* **Data supplied**:

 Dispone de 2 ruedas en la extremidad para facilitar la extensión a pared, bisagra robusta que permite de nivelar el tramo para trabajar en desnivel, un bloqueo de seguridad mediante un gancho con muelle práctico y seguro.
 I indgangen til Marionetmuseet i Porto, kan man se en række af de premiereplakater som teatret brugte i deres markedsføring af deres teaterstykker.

* * *

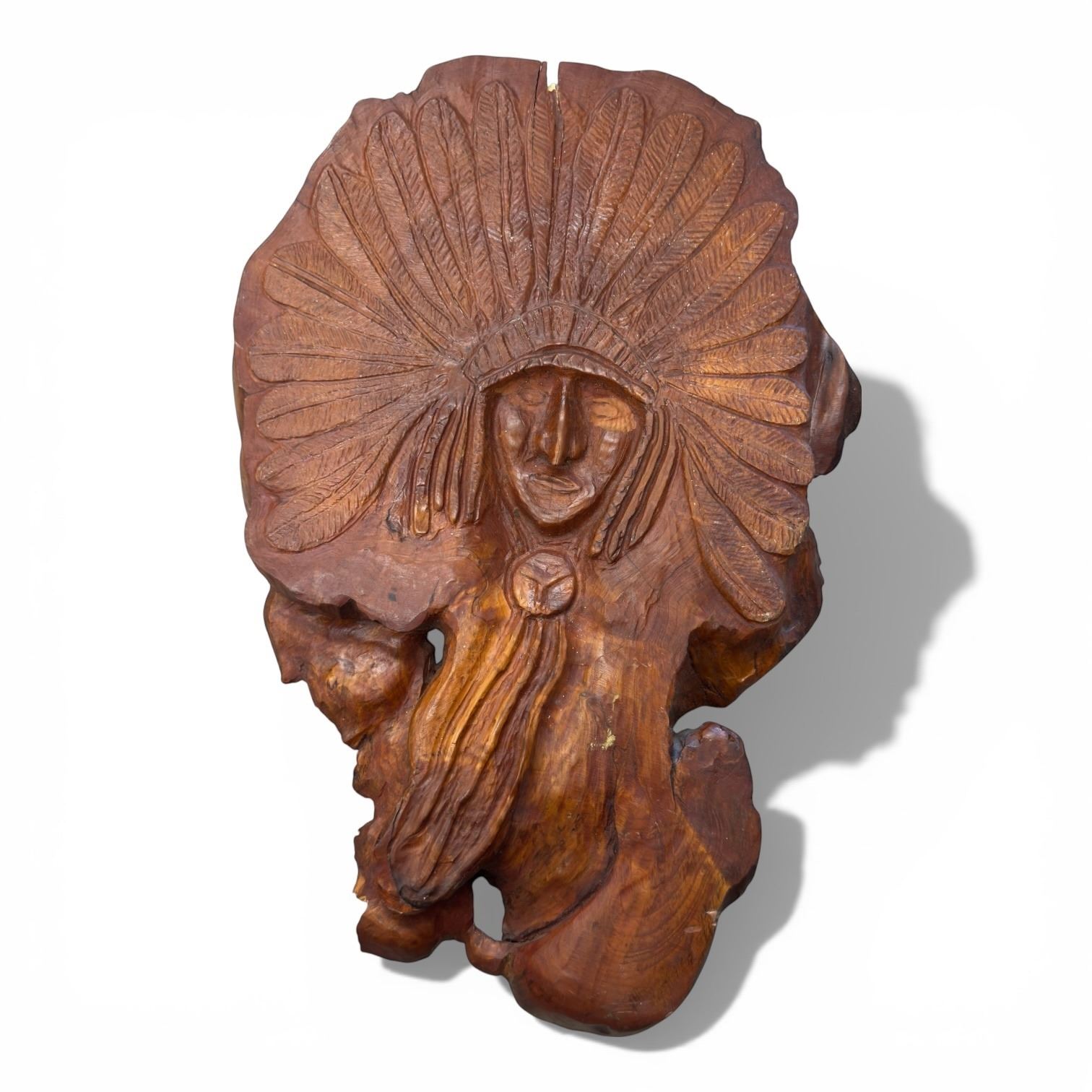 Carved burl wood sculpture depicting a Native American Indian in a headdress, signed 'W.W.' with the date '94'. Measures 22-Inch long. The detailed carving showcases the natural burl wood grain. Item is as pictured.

* **What is needed**:
Your answer must be the lines above from the one containing "Dispone de 2" to the one containing "I indgangen til", both included, restated word for word.

* **Exercise solution**:
 Dispone de 2 ruedas en la extremidad para facilitar la extensión a pared, bisagra robusta que permite de nivelar el tramo para trabajar en desnivel, un bloqueo de seguridad mediante un gancho con muelle práctico y seguro.
 I indgangen til Marionetmuseet i Porto, kan man se en række af de premiereplakater som teatret brugte i deres markedsføring af deres teaterstykker.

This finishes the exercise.